By Thomas Escritt
AMSTERDAM (Reuters) - The International Criminal Court said on Thursday that its prosecutor planned to investigate possible crimes committed in the 2008 conflict between Russia and Georgia, bringing Moscow, an opponent of the court, into its sights for the first time.
Judges must now decide whether to permit the move, which would pit non-member Russia against the European-backed permanent global war crimes court at a time when east-west tensions run higher than at any time since the Cold War.
The Hague-based court is already considering whether to open an investigation into crimes committed in Ukraine, another West-leaning former Soviet republic which is fighting Moscow-backed separatists in its east.
In a statement, the court said Prosecutor Fatou Bensouda had concluded there was a "reasonable basis to believe" crimes had been committed during the short war over the Russian-backed breakaway Georgian province of South Ossetia.
Seven years after Russia's intervention to prop up the statelet, recognised by just a handful of countries, Moscow and Tbilisi are still far apart, despite a long-running series of international talks in Geneva aimed at reaching a settlement.
"We experienced a serious violation of Georgia's territorial integrity and sovereignty. There can be no other understanding of this event," Georgian Foreign Minister Giorgi Kvirikashvili told Reuters after a meeting in Brussels.

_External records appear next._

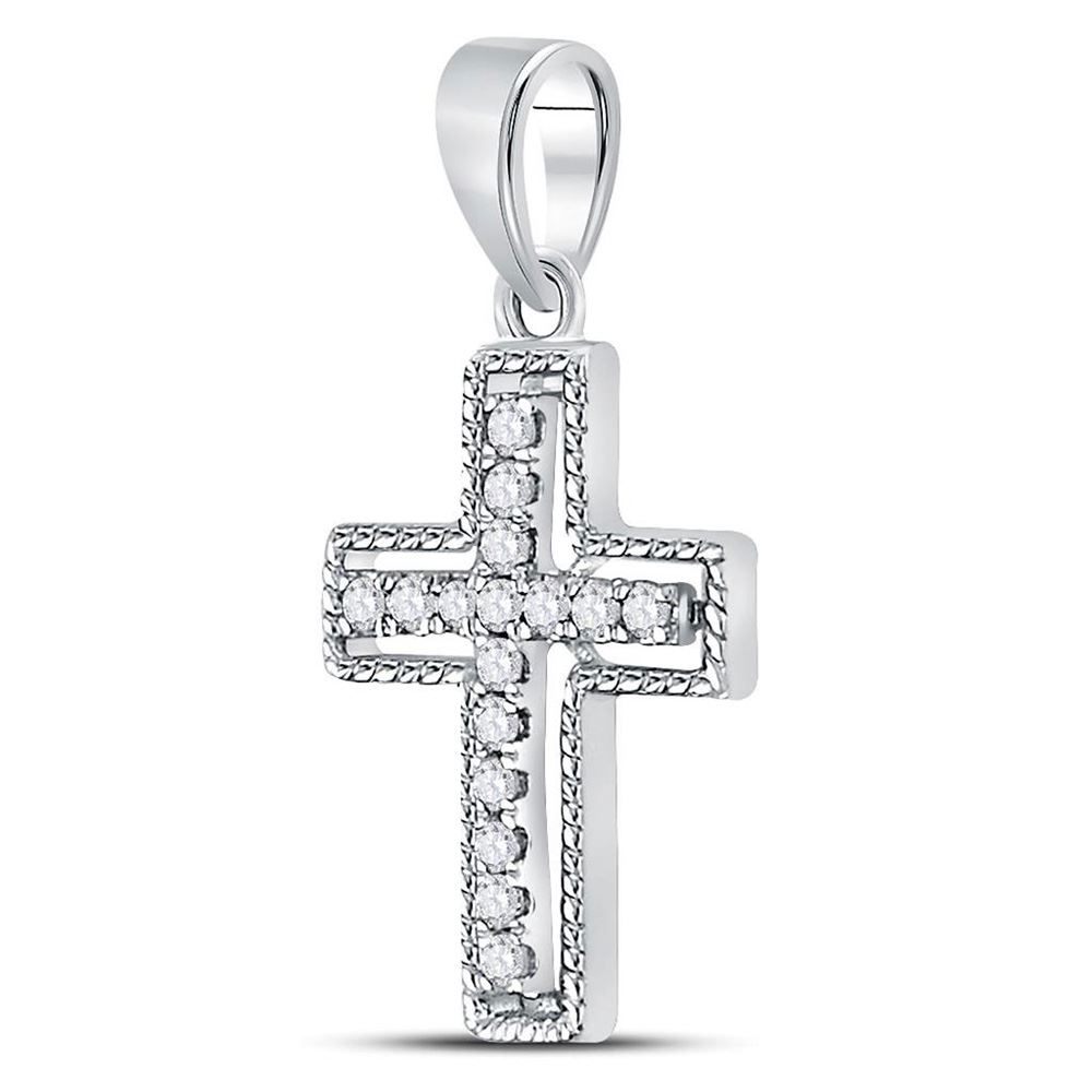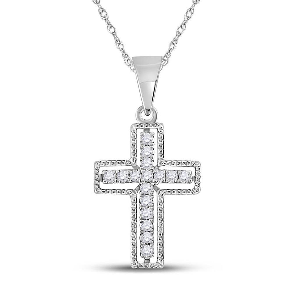 10kt White Gold Womens Round Diamond Roman Cross Pendant 1/10 Cttw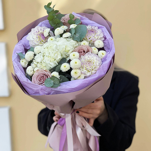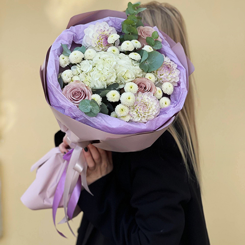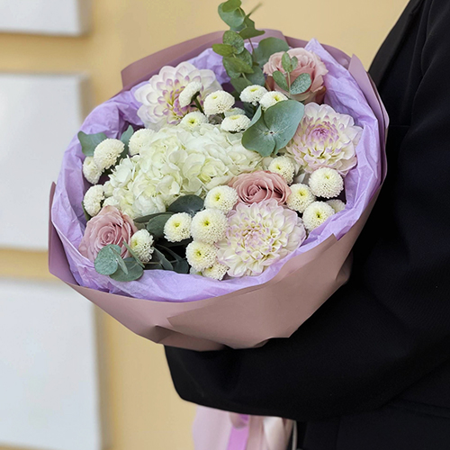 Букет "Динь" из георгин, хризантем сантини, эвкалипта, роз и гортензии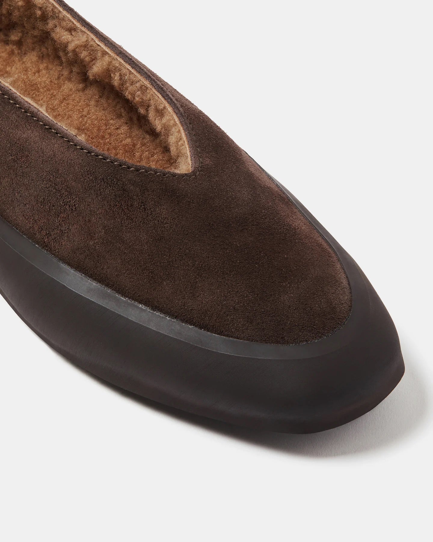 Apres Ski in Brown Shearling. Cushioned insole with tonal shearling lining, tread in smooth rubber. 8mm heel. Made in Italy.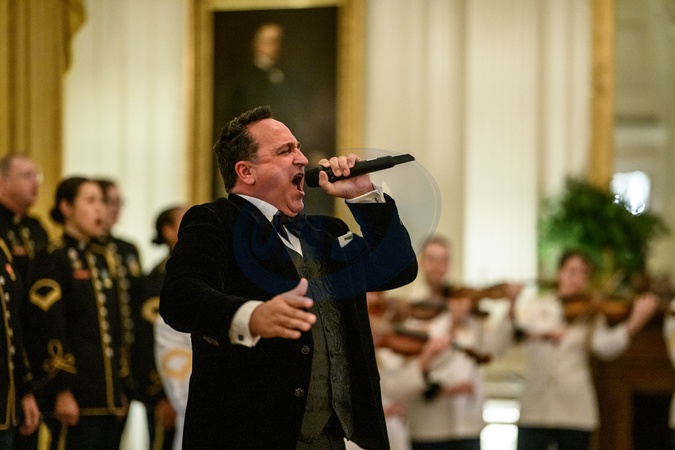 Tenor Christopher Maccio and the President's Own Marine Band Orchestra perform at a dinner for Crown Prince and Prime Minister Mohammed bin Salman Al Saud of Saudi Arabia, Tuesday, November 18, 2025, in the East Room of the White House., Credit:Daniel Torok / Avalon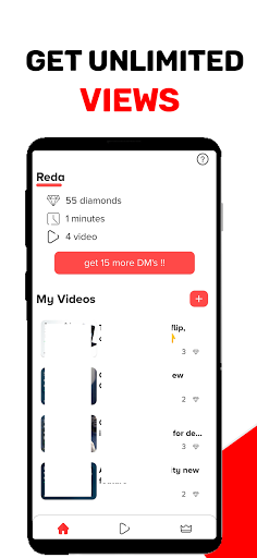 + you can earn a lot of diamonds easily in the app , we give everyday a chance to win a huge number of dms which mean a huge number of videos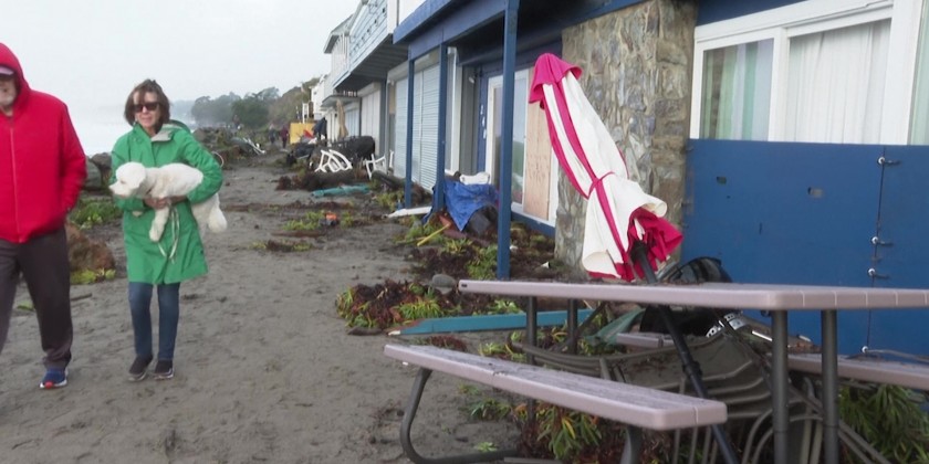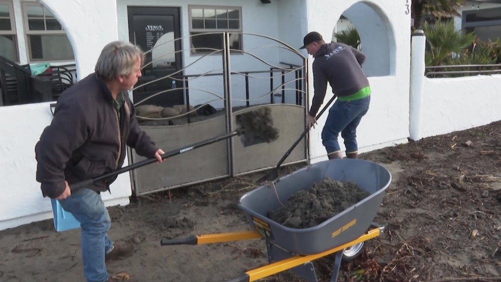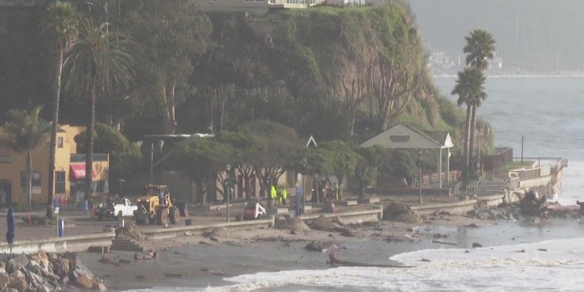 The cleanup along the Central California coast has begun, even as more storms are forecast over the weekend. Hurricane-force winds, surging surf and heavy rains from a powerful "atmospheric river" pounded the region, causing flooding.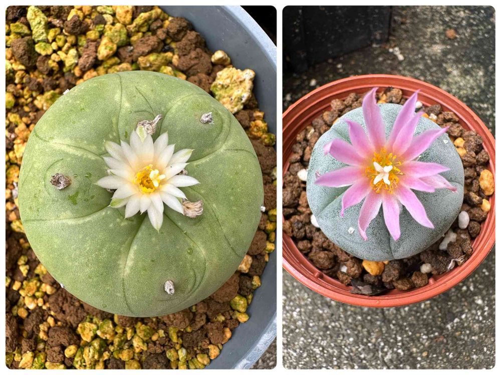 昨日咲いた銀冠玉と、今日新たに翠冠玉が咲きました🙌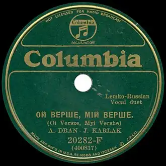 In 1928, a 78 rpm record was released in New York City on the Columbia label, containing two Lemko songs. On the first side – "Za Horamy, za Lisamy" (Beyond the Mountains, beyond the Woods), and on the second – "Oi Versze, Myi Vershe" performed by a duet of New York Cathedral Choir members Anna Dran and Joanna Karlyak with orchestral accompaniment. In fact, almost all subsequent solo performances of the song used the same words. However, there is a significant diversity in both the text and the melody and rhythm in folklore and musical notations.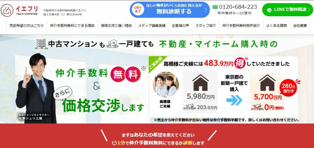 イエフリは仲介業者の中でも「仲介手数料無料」「対応の早さ」「信頼性の高さ」で注目されています。

Bensouda's move comes as Russia seeks to become a more active global diplomatic and military player, launching air strikes in support of beleaguered Syrian President Bashar Al-Assad, defying the broad Western consensus that he should go.
Kvirikashvili criticised Russia's decision to sign cooperation treaties with South Ossetia and Abkhazia, another Russian-backed region in Georgia, in defiance of Tbilisi's wishes.
Any investigation would look at possible war crimes or crimes against humanity committed by both sides in the August 2008 clash, in which hundreds died and hundreds of thousands were displaced.
In 2009, rights group Human Rights Watch said crimes had been committed on all sides during the week-long conflict, when Moscow came to the aid of primarily Russian-speaking separatists.
Set up in 2002 to investigate the most serious international crimes, the court is now showing a readiness to tackle politically sensitive conflicts involving powerful actors after a decade in which it was criticised for being involved only in crimes committed in Africa.
This year, the court announced an examination of the Israeli-Palestinian conflict, bringing one of the world's longest-running and most intractable conflicts into its sights.